为了便于您查看JSON数据,使用在线JSON格式化工具处理后,数据内容为:

  1. {
  2. "data_key": "com.taobao.vipserver.domains.meta.biz.alibaba.com",
  3. "ts": 1524550275112,
  4. "value_string": "{\"appName\":\"\",\"apps\":[],\"checksum\":\"50fa0540b430904ee78dff07c7350e1c\",\"clusterMap\":{\"DEFAULT\":{\"defCkport\":80,\"defIPPort\":80,\"healthCheckTask\":null,\"healthChecker\":{\"checkCode\":200,\"curlHost\":\"\",\"curlPath\":\"/status.taobao\",\"type\":\"HTTP\"},\"name\":\"DEFAULT\",\"nodegroup\":\"\",\"sitegroup\":\"\",\"submask\":\"0.0.0.0/0\",\"syncConfig\":{\"appName\":\"trade-ma\",\"nodegroup\":\"tradema\",\"pubLevel\":\"publish\",\"role\":\"\",\"site\":\"\"},\"useIPPort4Check\":true}},\"disabledSites\":[],\"enableArmoryUnit\":false,\"enableClientBeat\":false,\"enableHealthCheck\":true,\"enabled\":true,\"envAndSites\":\"\",\"invalidThreshold\":0.6,\"ipDeleteTimeout\":1800000,\"lastModifiedMillis\":1524550275107,\"localSiteCall\":true,\"localSiteThreshold\":0.8,\"name\":\"biz.alibaba.com\",\"nodegroup\":\"\",\"owners\":[\"junlan.zx\",\"张三\",\"李四\",\"cui.yuanc\"],\"protectThreshold\":0,\"requireSameEnv\":false,\"resetWeight\":false,\"symmetricCallType\":null,\"symmetricType\":\"warehouse\",\"tagName\":\"ipGroup\",\"tenantId\":\"\",\"tenants\":[],\"token\":\"1cf0ec0c771321bb4177182757a67fb0\",\"useSpecifiedURL\":false}"
  5. }

建表语句为:

  1. CREATE external TABLE json_table_3 (
  2. data_key string,
  3. ts bigint,
  4. value_string string
  5. )
  6. STORED AS JSON
  7. LOCATION 'oss://dlaossfile1/dla/json_table_3.txt';

查询结果为:

查询结果

查询数据时,可以使用json_parse()json_extract_scalar()json_extract()等常用JSON函数对数据进行处理。

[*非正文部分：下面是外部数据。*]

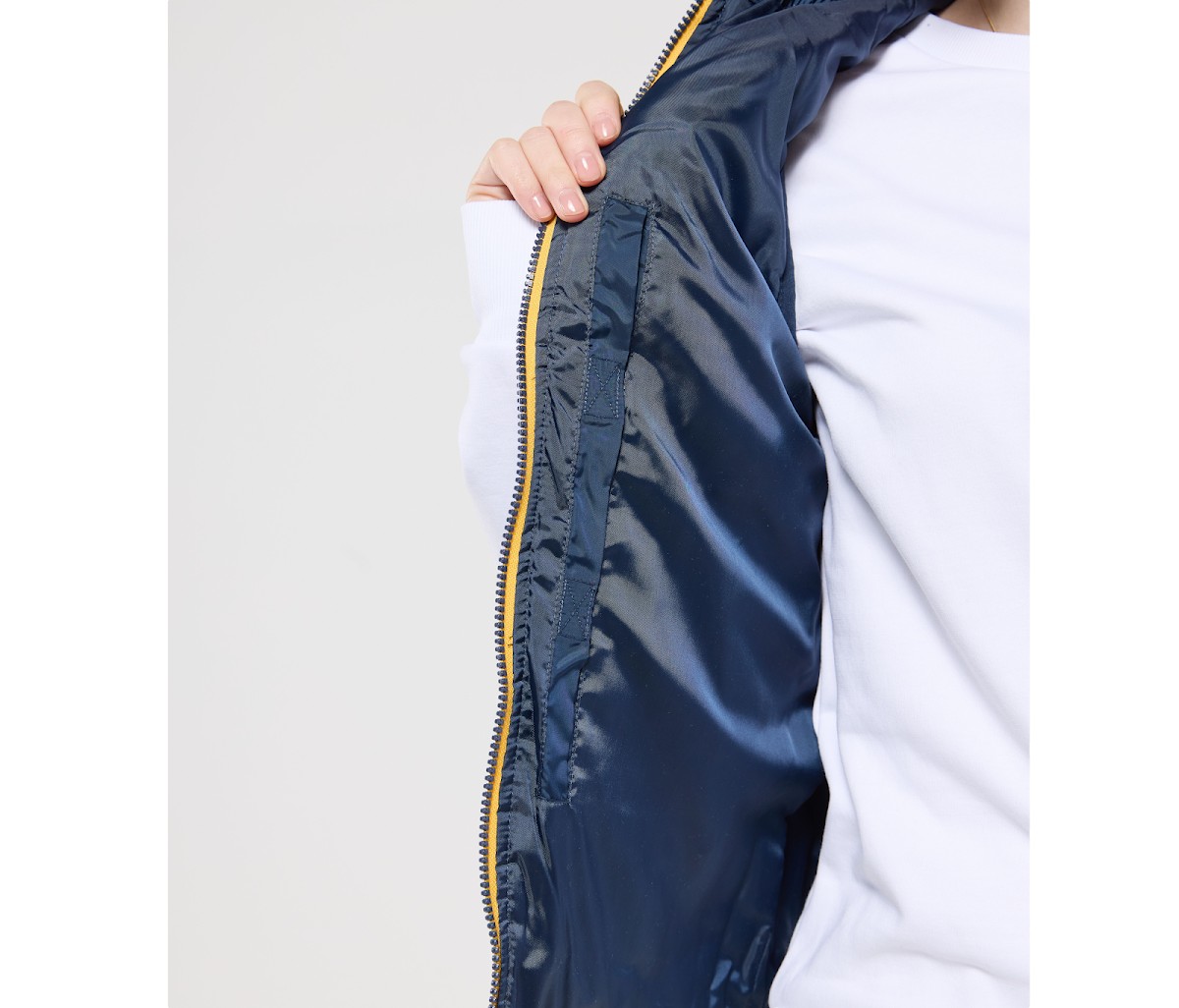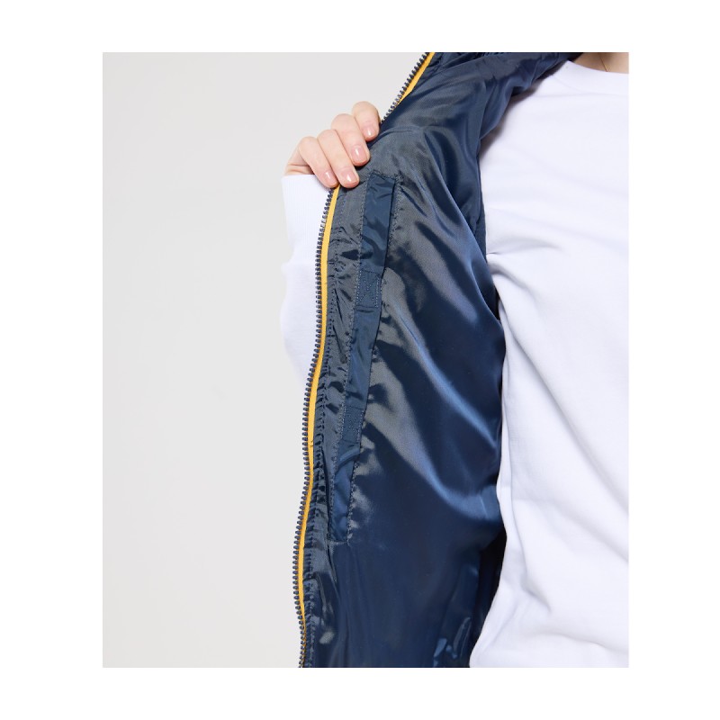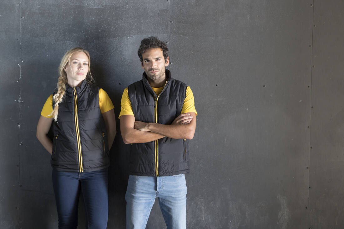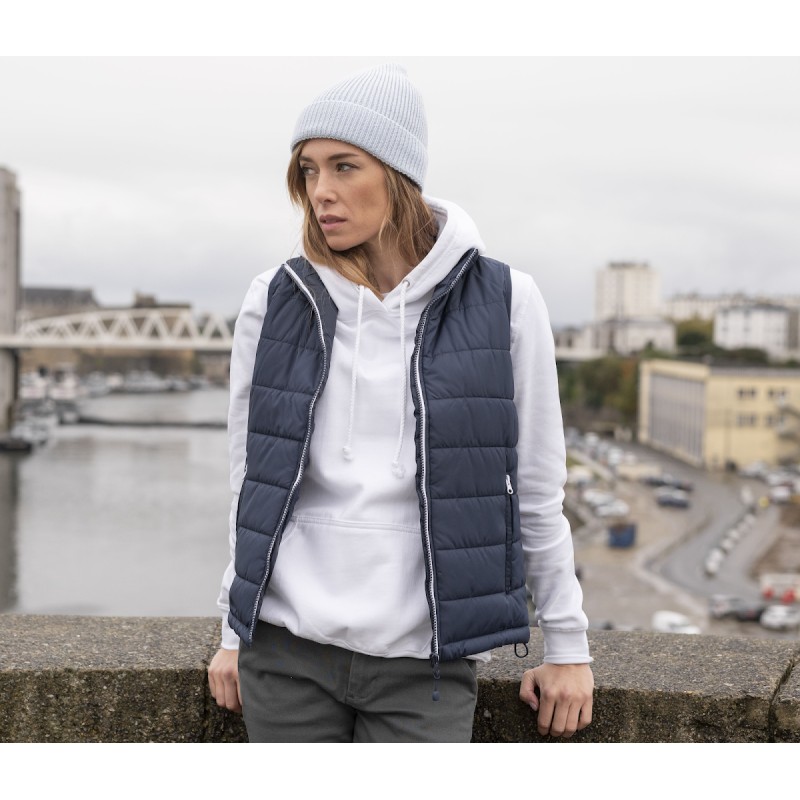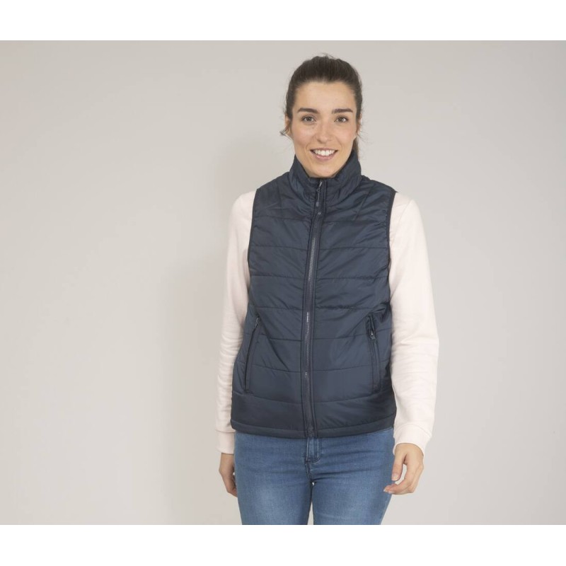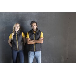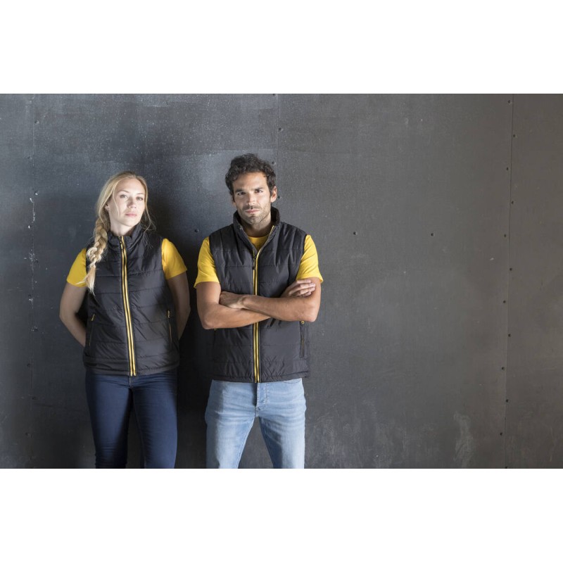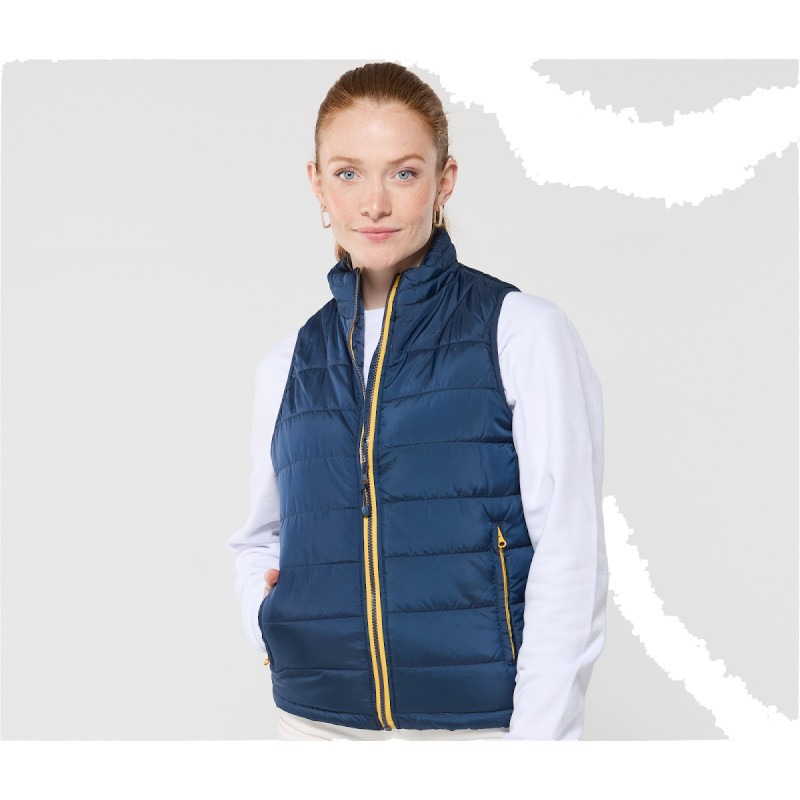 Grand zip avec une poche intérieure gauche pour marquage. Possibilité de ranger totalement le bodywarmer dans la poche intérieure droite avec fermeture Velcro®. 2 poches latérales zippées avec rabat.
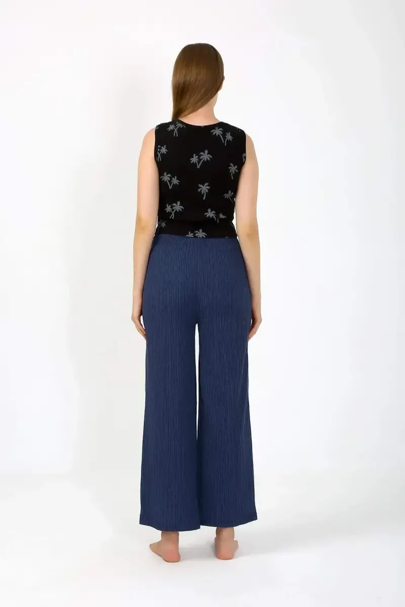Замонавий аёл боди ва кенг шимли костюм (қора)

  1. select json_extract_scalar(json_parse(value_string),'$.owners[1]') from json_table_3
  2. +--------+
  3. | _col0 |
  4. +--------+
  5. | 张三 |
  1. select json_extract_scalar(json_obj.json_col, '$.DEFAULT.submask')
  2. from (
  3. select json_extract(json_parse(value_string), '$.clusterMap') as json_col from json_table_3
  4. ) json_obj
  5. where json_extract_scalar(json_obj.json_col, '$.DEFAULT.healthChecker.curlPath') = '/status.taobao';
  6. +-----------+
  7. | _col0 |
  8. +-----------+
  9. | 0.0.0.0/0 |
  1. with json_obj as (select json_extract(json_parse(value_string), '$.clusterMap') as json_col from json_table_3)
  2. select json_extract_scalar(json_obj.json_col, '$.DEFAULT.submask')
  3. from json_obj
  4. where json_extract_scalar(json_obj.json_col, '$.DEFAULT.healthChecker.curlPath') = '/status.taobao';
  5. +-----------+
  6. | _col0 |
  7. +-----------+
  8. | 0.0.0.0/0 |